CORRESP 1 filename1.htm

 

August 8, 2016

 

Via Edgar

 

Jan Woo

Branch Chief – Legal

Office of Information Technologies and Services

Securities and Exchange Commission

100 F Street, NE

Washington, DC 20549

MAIL STOP 3720

 

Re: MGT Capital Investments, Inc.
  Preliminary Proxy Statement on Schedule 14A
  Filed July 11, 2016
  File No. 001-32698

 

Dear Ms. Woo,

 

MGT Capital Investments, Inc., a Delaware corporation (“MGT” or the “Company”), in connection with its filing of Amendment No. 1 to its Information Statement on Schedule 14C (“Information Statement”), hereby responds to your letter dated July 20, 2016 wherein you requested that the Company provide additional information with respect to the disclosure contained in the Information Statement.

 

For ease of reference, we have reproduced your comments below, and provided our response thereto immediately following such comments, in italics.

 

General

 

1. Please clarify the current role of John McAfee with Future Tense Central, Future Tense Secure Systems, Inc., D-Vasive, Inc., and Demonsaw LLC, and describe Future Tense Central’s current relationship with Future Tense Secure Systems, Inc., D-Vasive, Inc. and Demonsaw LLC. On page 8 of your proxy statement, Mr. McAfee is described as a founder of Future Tense Central, but the extent of his current relationship or control of any of these entities is unclear.
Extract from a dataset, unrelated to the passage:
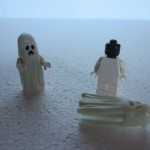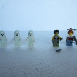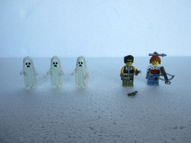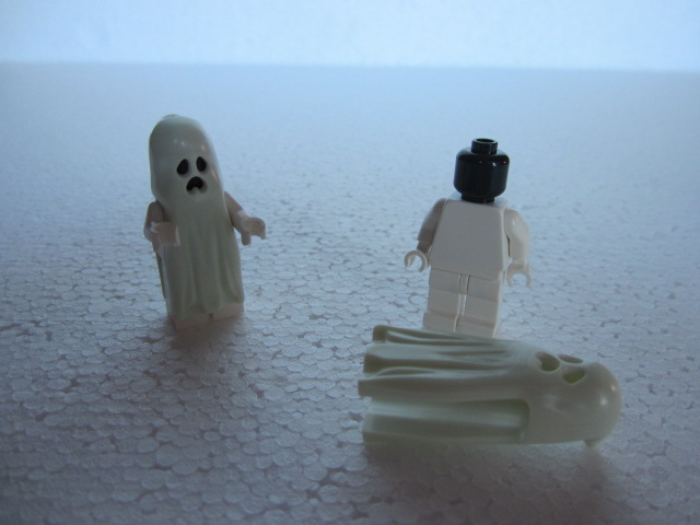 Les fantômes sont constitués d’une minifig blanche à tête noire avec une pièces phosphorescente. Ils sont super !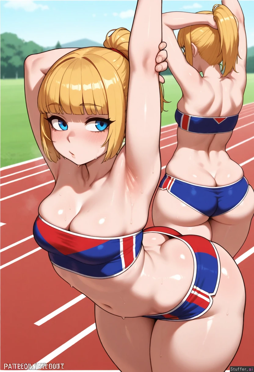 c.cu, betterwithsalt, ourobot, spellsx(artist), krekkov, 1girl, blonde hair, short hair, hime cut, high ponytail, blue eyes, cute face, small breasts, slim, small waist, love handles, midriff, tight strapless top, running shorts, track and field, outgrown clothes, ((skindentation)), sweating, out of breath, bubble butt, massive ass, (bottomheavy, wide hips, plump thighs, huge ass), (butt_crack, butt_cleavage:1.4), looking_back, stretching, cute_pose, (sweating, sweaty, steamy, sweaty armpit ), low angle,

Include related party disclosure under Item 404(a) of Regulation S-K and Item 5 of Schedule 14A for Proposals 3 and 7, if required

 

Response: As requested, we have amended the Information Statement to include additional disclosure regarding the current role of John McAfee with Future Tense Secure Systems, Inc., D-Vasive, Inc., and Demonsaw LLC. Please also note that the reference in the previously filed Information Statement to Future Tense Central was an error as Future Tense Central is the “doing business as” name for Future Tense Secure Systems, Inc. To address this error, we have deleted the reference to Future Tense Central in the Information Statement.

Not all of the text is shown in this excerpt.